The fascinating addition about this one was that Einstein's submitted paper was utterly wrong. It claimed to prove gravitational waves cannot arise General Relativity. And the anonymous reviewer had caught (one of) Einstein's major mistakes - he had confused a co-ordinate singularity with a physical one.
So agitated was the reviewer (Howard Robertson) when we heard that Einstein was going to publish anywa, he went to visit Infeld, one of Einstein's closest collaborators to try to convince him and spare Einstein embarrassment. By the time Infeld went to talk to Einstein, Einstein had worked it out for himself (or at least he said he had) - and the paper as published comes to the opposite conclusion.

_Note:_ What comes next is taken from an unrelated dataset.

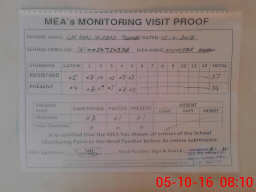 | Attendance Register | Head Teacher | MEA with School | Visit Proof |
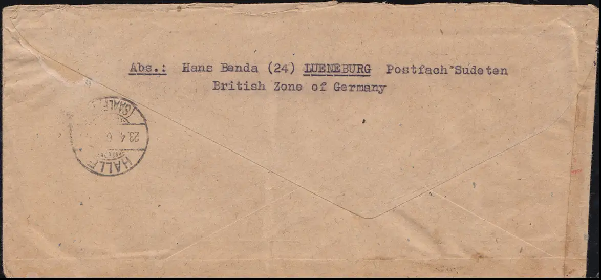 12 AM-Post 5 Pf. Engl. Impression + ZF amer. / dt. Imprimer, Lettre R LÜNEBURG 15.4.1946

I imagine you know this and omitted for sake of space, but I find it ironic that the headlines on the LIGO results all (rightly) mention that Einstein predicted gravitational waves, but he was only saved from declaring them impossible by a conscientious peer reviewer.
Great commentary.
I will add that the use of standardized, boilerplate sets of citations in the first paragraph of so many papers these days seems a way of signalling to reviewers that the authors are not daring to step too far afield. Unfortunately, this leads to its own issues. In his exhaustive book, "Invasion Biology," Mark Davis writes:
"The process by which preliminary conclusions become inflated generalizations often involves a series of small missteps, each one of which might be regarded as mostly innocuous. For example, when citing a particular finding or conclusion for the first time, authors often take the time to describe the particular context in which the specific finding or conclusion was made. At a later time, the same author may then cite this same finding in another manuscript, or other researchers, without having actually read the original source, may use the information provided by a secondary reference to cite the original work. In both cases, it is common for these subsequent references to leave out the details needed to assess the reliability and generality of the original finding or conclusion. As time goes on, it is not uncommon for the finding or conclusion to be simply stated as fact, with a perfunctory citation of the original author. By now, the original findings or conclusions are often included as boilerplate in introductions and conclusions of articles and proposals. After enough of these iterations, the original finding can become such an integral part of accepted ecological wisdom that many authors feel comfortable in reporting it without citing any source at all. The general problem is that the more often that preliminary ideas and tentative conclusions are presented as an axiomatic starting point for further discussion and research, the more likely it is that practitioners, particularly young practitioners, begin to regard the statements as factual, believing that they have having been thoroughly and comprehensively empirically confirmed."